I've found some self-publishers who are amazing. Talented, edited, professional, and even courteous. But the majority do not fall into that category, and I am unwilling to put up with sifting through unedited manuscripts. If you, as you claim, want more people to read self-edited books, then stop putting the onus on the readers. Stop telling us it's our responsibility to make our way through the labyrinths of poorly edited, and unedited books, to find those. Stop trying to shame us because we have books we know we like, published by a company that has minimum standards; you try to shame us by pointing at us and telling us we're not putting in the effort. And therein lies your problem: for some of us, it's just so much of an effort to find anything that does meet those minimum standards in the self-publishing community. Stop telling us that only the good books will survive, as clearly that is not the case because unedited manuscripts that read like the author knows english as a second or third language - to be generous - wrote it become bestsellers.
If other people want to read that, want to waste their time searching for the diamonds in the rough, so be it.
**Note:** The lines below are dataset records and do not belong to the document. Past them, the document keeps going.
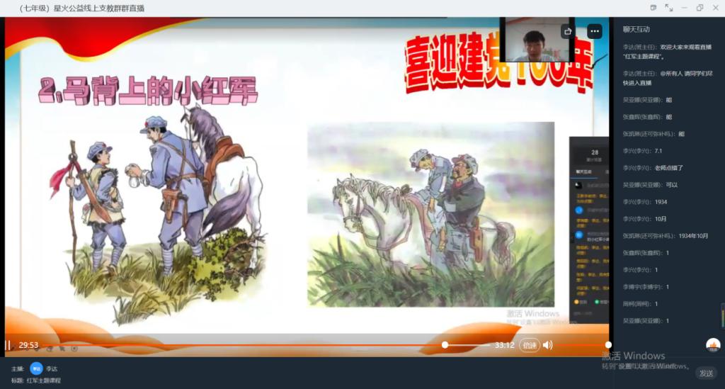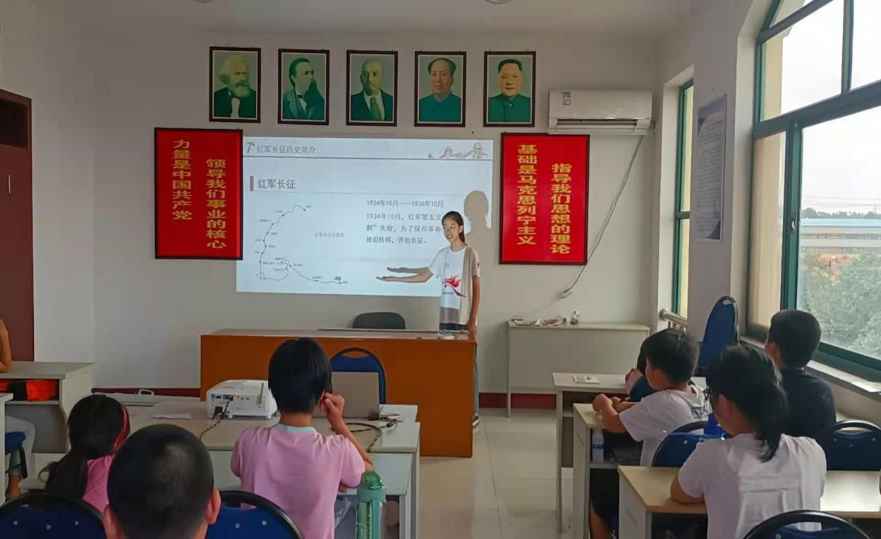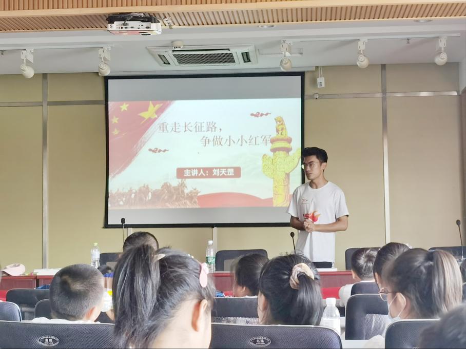 在讲述党史的同时,星火公益协会的支教队员们也开展了“小小红军故事会”趣味课程,通过生动形象的红军故事,把党的历史以故事的形式传达给同学们。
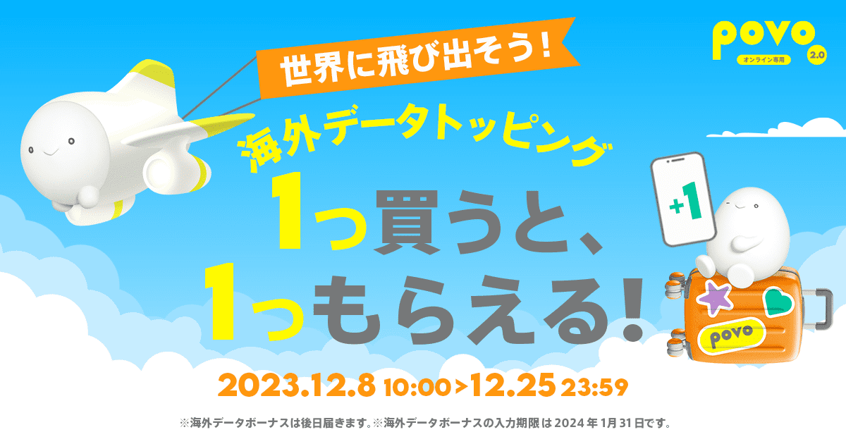 KDDI、沖縄セルラーは2023年12月8日から12月25日まで、povo2.0において、海外データトッピングを1つ買うと、同じ内容をもう1つもらえるキャンペーンを実施します。
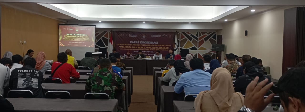 “Rakor hari ini kita laksanakan dalam rangka sosialisasi terkait penyusunan visi, misi dan program dari bakal pasangan calon Walikota dan wakil Walikota yang harus selaras dengan RPJP masing-masing wilayah atau daerah,” jelas M. Mukhlis selaku Ketua KPU Kota Banjar dalam sambutanya pada pembukaan kegiatan ini.
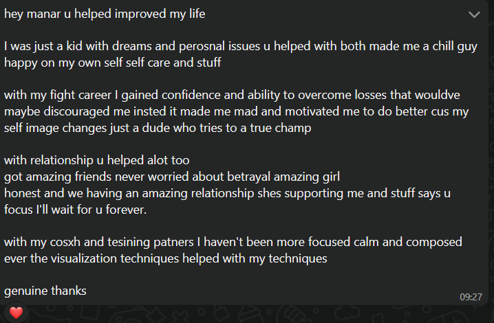 Before the sessions, Atharva struggled with low confidence and performance anxiety under pressure, despite knowing he had the skills. After just one hypnotherapy session and 2 coaching sessions, everything changed. He now feels more relaxed, focused, and confident in his abilities — both inside and outside the ring. Atharva has been crushing it ever since, winning a lot of fights from the first rounds. Less than a year later, he's a proud owner of the purple belt.. and he's just getting started..
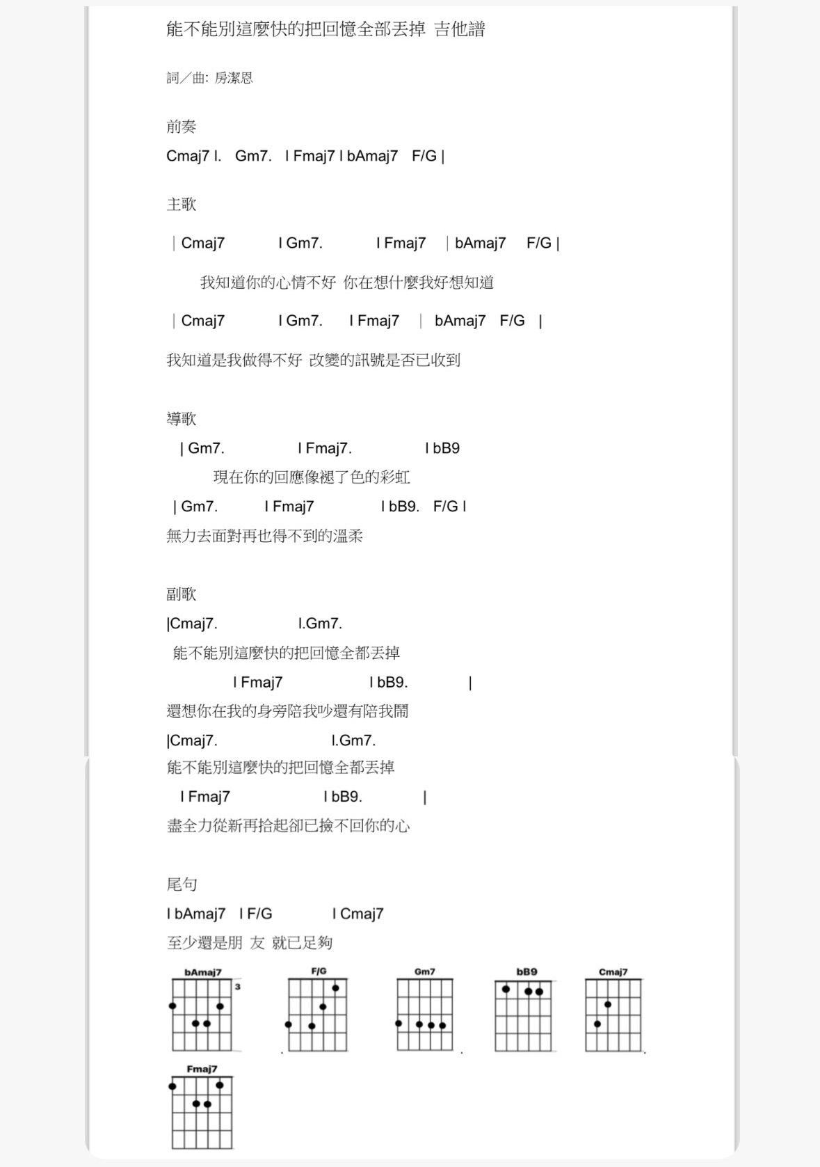 能不能別這麼快的把回憶全部丟掉的吉他譜
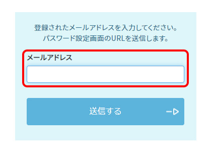 - 2.「メールアドレス」欄に登録メールアドレスを入力し、「送信する」ボタンをクリックしてください。
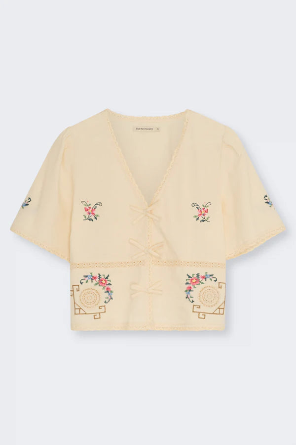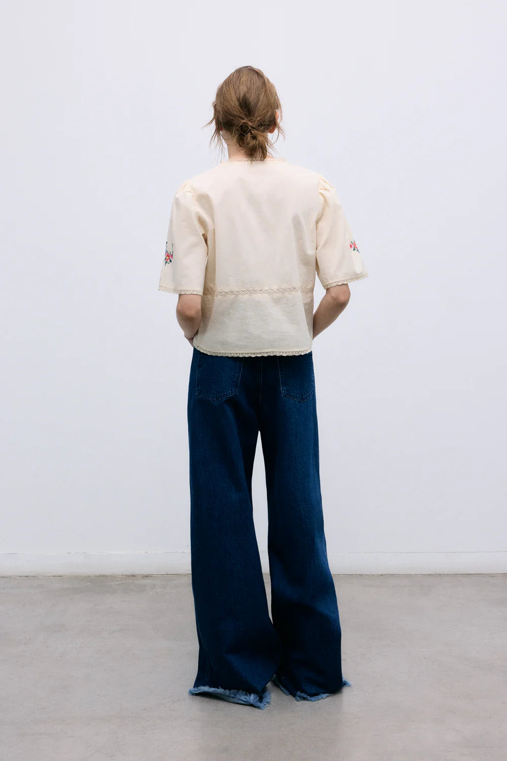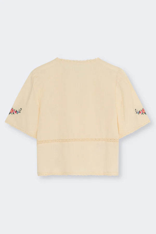 Confeccionada en suave algodón 100 %, esta blusa presenta un favorecedor escote en V y una abertura frontal con delicados cierres de lazo. Con detalles de encaje, un intrincado bordado y un panel de crochet hecho a mano, es una prenda con un precioso detalle que combina a la perfección con la falda a juego.
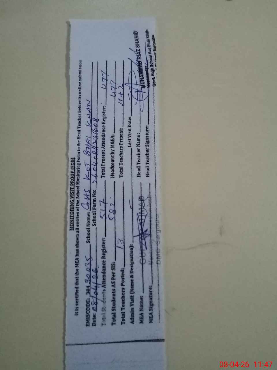 | EMIS Code: 38430035 | Name of School: GHS KOT BHAI KHAN SHAH PUR | |||
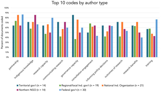 There was more variability in the thematic coding when the top ten overall codes were cross-referenced by the five most common author types (Figure 8). Indigenous knowledge and communicating research were more commonly coded in documents produced by northern NGOs (Figure 8). Many of these organizations centre Indigenous knowledge or, at the very least, emphasize its importance in their research approach. Communicating research is an important role for northern NGOs (Figure 8), many of which focus on research with communities and Indigenous northerners, often promoting participatory methodologies that require ongoing communication throughout the research project.
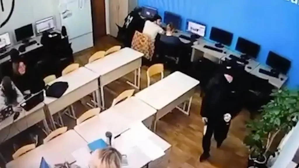 Момент нападения отчисленного студента на преподавательницу. Видео © VK / «Типичный Лангепас»

I do not. And I refuse to do it. Not only that, horror of horrors, I refuse to be shamed for using my time wisely and sticking to what I like - from brilliant traditionally published books, to self-published books my friends with great taste recommend, to horrible monster-porn that makes me laugh it's so bad.
I'm certainly not going to see the light of sampling all day long just because one more author who doesn't care about their product, and doesn't want to spend time or money editing their books, tells me that the samples exist. I know. I'm still not even sampling your books for a reason.